Before repeating the entries below, strip out every picture and keep all else as it is.
━━━━━ Records to use ━━━━━
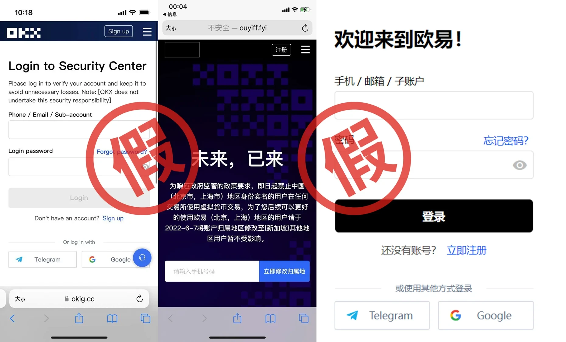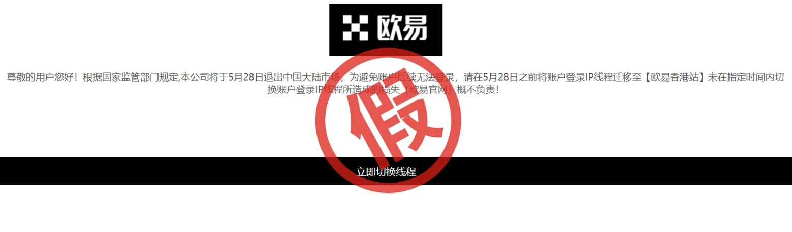 近期有不法分子通过短信、电话、IM等渠道联系用户,以“平台迁移”、“账户升级”、“清退用户”、“切换IP线程”、“修改账户归属地”等为由,引导用户进入虚假“欧易安全中心”,进而骗取用户账户信息和资产。
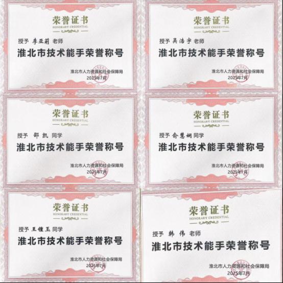 喜报:公司师生再次荣获“淮北市技术能手”荣誉称号!
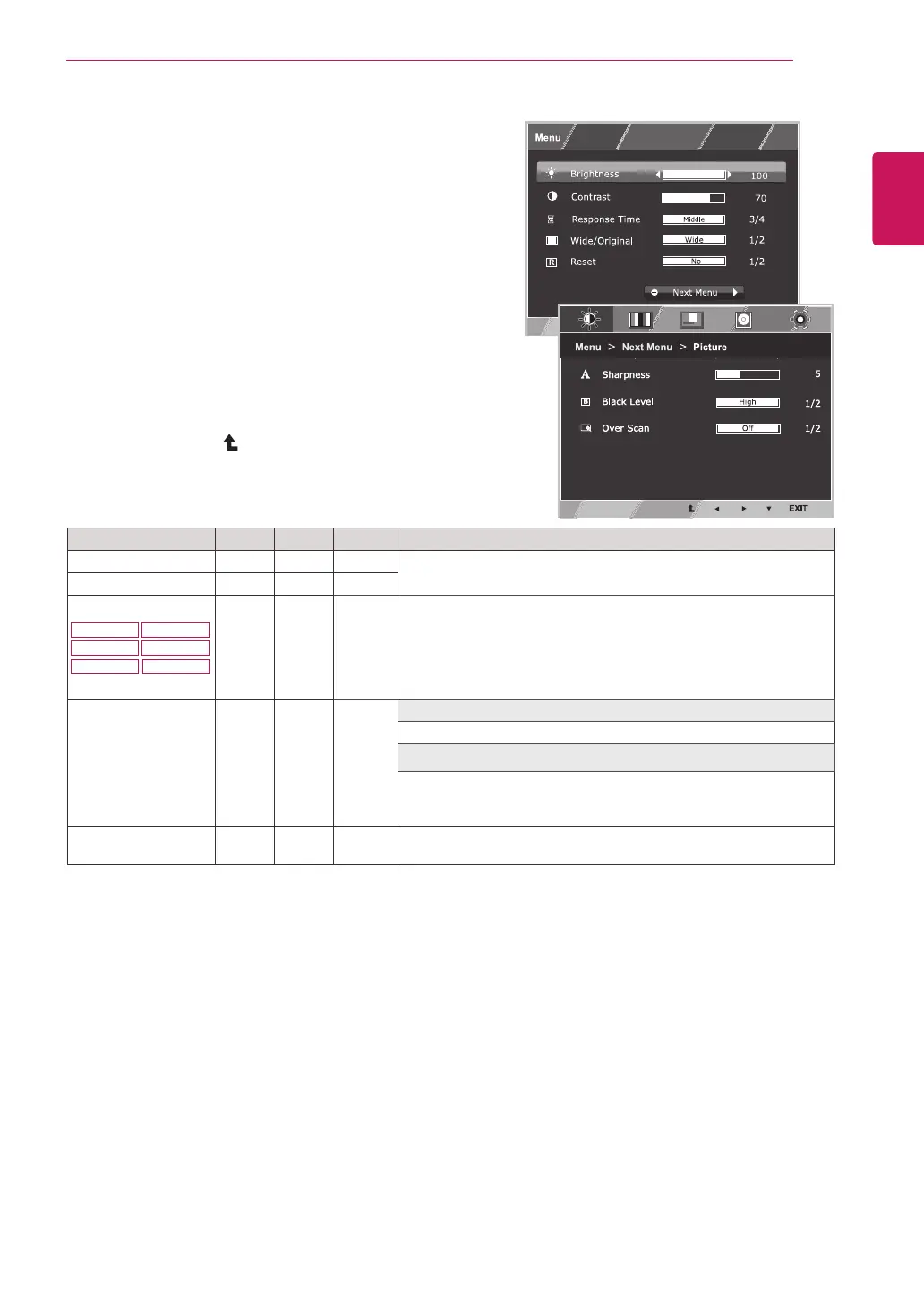 To return to the upper menu or set other menu items,
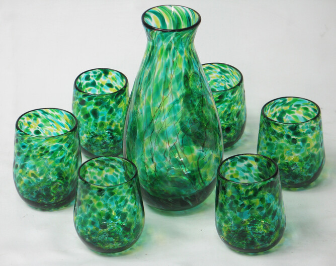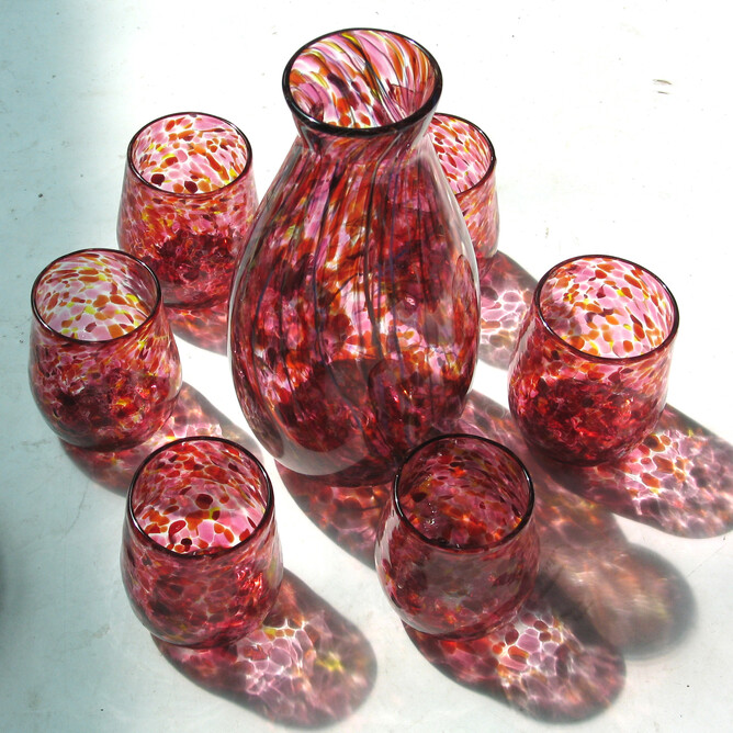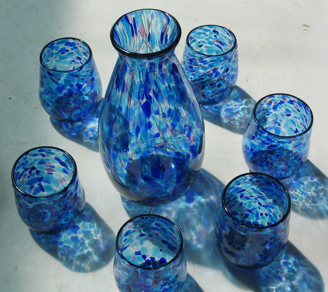 I thought I should show you my new tumblers made with K2 transparent frits and the carafes I made to go with them. As well as green, blue and red I have tried them in yellow but have not got the colours right yet.
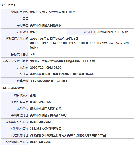 采購項目名稱: 桃城區檢察院會議室小間距LED采購
━━━━━
**Solution to this exercise:**
 近期有不法分子通过短信、电话、IM等渠道联系用户,以“平台迁移”、“账户升级”、“清退用户”、“切换IP线程”、“修改账户归属地”等为由,引导用户进入虚假“欧易安全中心”,进而骗取用户账户信息和资产。
 喜报:公司师生再次荣获“淮北市技术能手”荣誉称号!
 To return to the upper menu or set other menu items,
 I thought I should show you my new tumblers made with K2 transparent frits and the carafes I made to go with them. As well as green, blue and red I have tried them in yellow but have not got the colours right yet.
 采購項目名稱: 桃城區檢察院會議室小間距LED采購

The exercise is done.